Ninety days for Lianne Laurence
Lianne Laurence, 32, was arrested at Morgentaler’s Edmonton abortuary for the ninth time on Monday, 29 June 1992, Feast of Sts. Peter and Paul. The next day she was sentenced to 90 days in jail.
Lianne had gone on the morning to picket on the west side of 150th Street. Morgentaler is located on the East side. But the abortuary contains state-of-the-art security which even Lianne Laurence was unable to crack on this day.
When Lianne saw a couple walking into the abortion mill, she made the courageous choice to step between the killer-doctor and the mother. A worker at the abortuary intervened, shoving Lianne around.
The police were called while Laurence allegedly entered the premises to continue trying to save lives in what can only be termed a very courageous, one-man rescue.
The police arrested Laurence, who stands five feet tall (barely) and whisked her downtown to the Law Court Building, at 1100 hours. On this day, she stood ten feet tall; we’ve come to expect that.
At 2 p.m. Laurence appeared in Court of Queen’s Bench – a civil court without a lawyer (pro-life lawyers are difficult, if not impossible, to find in Edmonton in 1992, despite a large membership in the St. Thomas More Lawyer’s Guild).

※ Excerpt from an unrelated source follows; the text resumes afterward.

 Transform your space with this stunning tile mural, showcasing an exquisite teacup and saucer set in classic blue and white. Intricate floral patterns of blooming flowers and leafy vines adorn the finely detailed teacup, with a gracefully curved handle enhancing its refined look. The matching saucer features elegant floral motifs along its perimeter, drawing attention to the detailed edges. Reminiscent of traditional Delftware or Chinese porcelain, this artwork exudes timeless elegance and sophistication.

She stood before Judge E.S. Lefsrud, who gave her the option of being released immediately from custody if she promised not to return to the Morgentaler site.

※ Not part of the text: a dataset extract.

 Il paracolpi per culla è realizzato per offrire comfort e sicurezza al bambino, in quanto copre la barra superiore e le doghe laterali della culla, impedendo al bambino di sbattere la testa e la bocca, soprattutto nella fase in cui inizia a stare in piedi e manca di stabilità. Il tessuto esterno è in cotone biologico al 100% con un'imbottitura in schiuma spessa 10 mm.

But Laurence refused, stating she felt an obligation to be there the next morning. As a result, Lefsrud ordered her held overnight in jail. The next day Laurence appeared before anti-life Judge David C. MacDonald. MacDonald has consistently hurt the cause of the unborn since placing injunctions against pro-lifers as far back as 1989 at the infamous Hys Centre, an abortion referral centre located close to Edmonton’s worst about abortion hospital, the Royal Alexandra.
Media
According to Dean Bennett of the Edmonton Sun, at least eight media people attended Laurence’s 40-minute hearing on Tuesday.
Talk show host Ron Colister of CJCA Radio (see Interim, May 1992) made Lianne Laurence a major focus on his “Open Life” segment of Talk of the Town the same morning.

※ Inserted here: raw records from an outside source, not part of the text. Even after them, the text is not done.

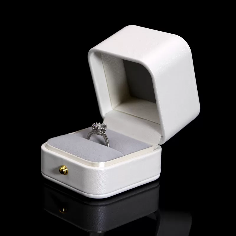 2. The “Proposal Ready” Factor: Research shows that end-consumers associate white leather packaging with high-end bridal jewelry. This box elevates the perceived value of engagement rings instantaneously.
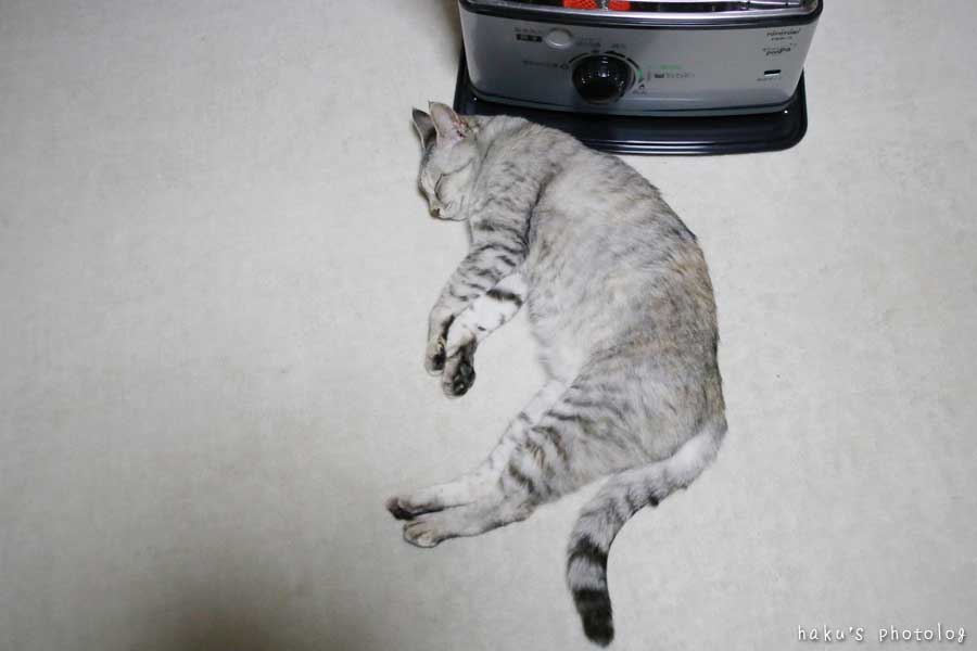 昼は窓際で、夜はストーブ前で、死んだように寝ています。
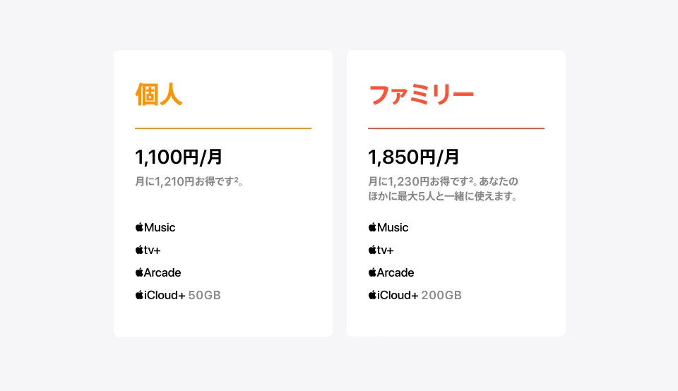 「Apple One」の月額は個人プランが「1,100円」、ファミリープランが「1,850円」。Appleのサブスクリプションサービスを多く利用している人ほど、オトク感が増す価格設定だ。
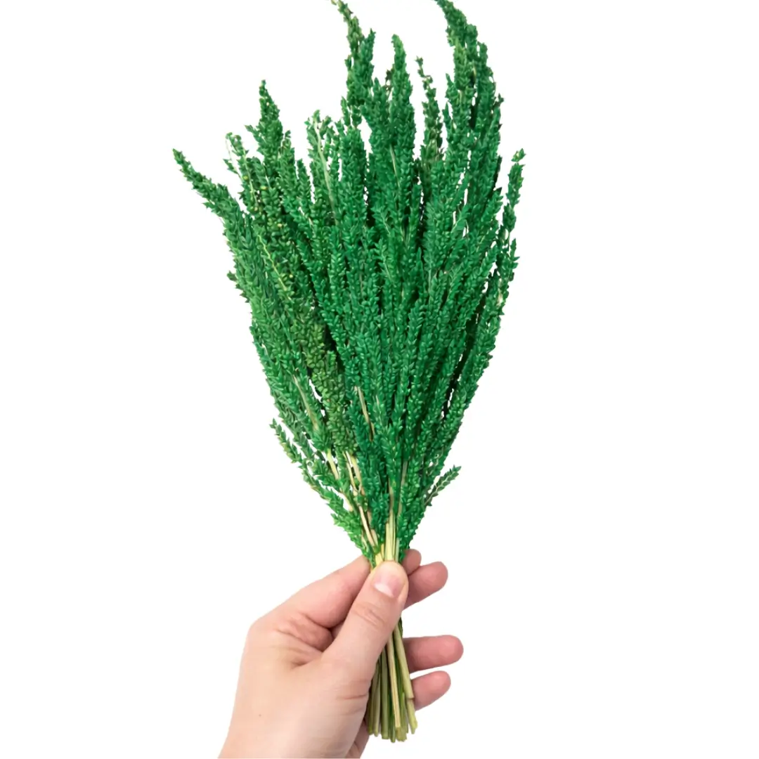 Yeşil phalaris kuru çiçek demeti, doğal tonları sayesinde özellikle sade ve minimalist dekorasyon tarzlarında tercih edilen dekoratif kuru bitkilerden biridir. Doğal görünümü sayesinde hem ev dekorasyonunda hem de tasarım projelerinde oldukça estetik bir görünüm oluşturur.
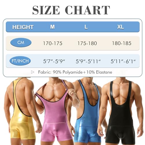 • Wrestling Singlet: This men's metallic bodysuit design with 6 kinds of colors, perfect for stage wear or club party wear
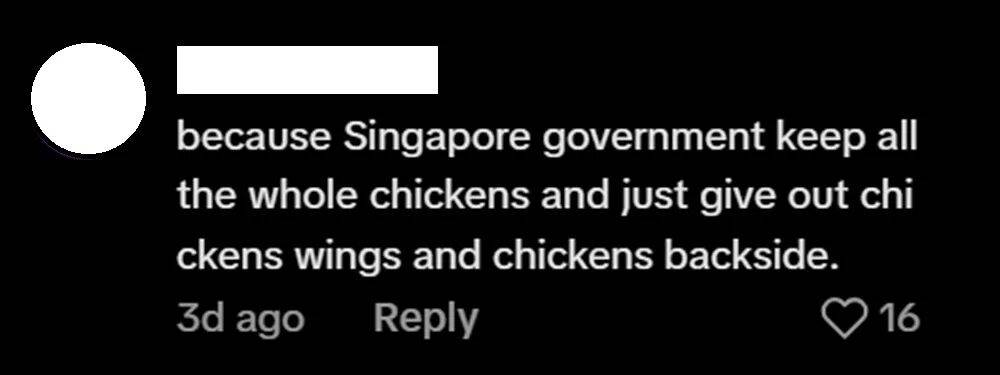 “因为新加坡政府把鸡只都收起来了,只给人们鸡翅膀和鸡屁股。”
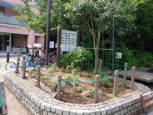 モチノキを剪定したり、支柱立て、苗植えなど菊花壇作りも進みました。
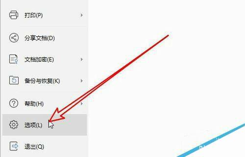 在打开的文件下拉菜单中我们点击“选项”的菜单项。
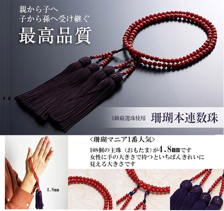 赤サンゴ本連数珠1本 桐箱1個 数珠袋1個 高知県珊瑚協同組合保証書1通
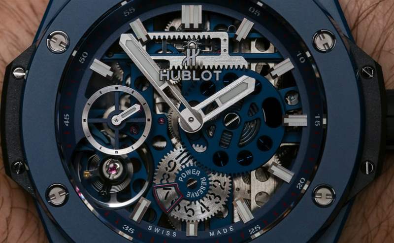 對于它的價值,宇舶試圖分享一個事實,即這是一款手表,其機芯設計為原創,并且在寫作時看起來很酷:“Big Bang Meca-10 藍色陶瓷的機械結構與構成它們的材料一樣具有創新性。歷時兩年研發的手動上鏈鏤空機芯擁有 10 天動力儲存,包含 223 個零件。作為美感和技術專長的證明,它有兩個平行于動力儲存指示器的發條盒:一個齒輪系統,帶有兩個沿水平軸滑動的耙子。為突顯這一機械結構,當機芯接近動力儲存的最后幾天時,3 點鐘位置的開口會顯露一個紅點,而 6 點鐘位置的齒輪則指示剩余的確切天數,而調節機構則結合在一起帶有小秒針調節器,出現在 7 點鐘位置。”
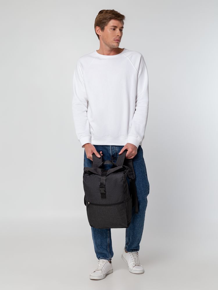 Стильный городской рюкзак для ноутбука в формате роллтоп — его верхняя часть закручивается и подворачивается под ленту с застежкой «фастекс».

Public opinion, if judged by Ron Colister’s radio program, continues to favor Lianne Laurence considerably.
By sentencing Lianne to 90 days in jail, effective immediately, Judge David MacDonald gave her the longest jail term in Alberta pro-life history. He summed up by speaking of the dreaded F word, “fetuses,” stated that Laurence showed “willful contempt of the Order of the Court,” spoke of a Punch magazine cartoon which hangs in his office upstairs representing Law & Liberty. “Law says to Liberty, ‘Your turn must follow mine.’”
Said MacDonald, “we must deter others from expressing disrespect” and the “Court is an agent of society to maintain law and order.”
As all pro-lifers know, law, in order to be truly law, must reflect human reason, the common good of society and Divine law. A statute protecting a death mill is not a “law” but a travesty of it.
Laurence is slated for release on September 26, 1992.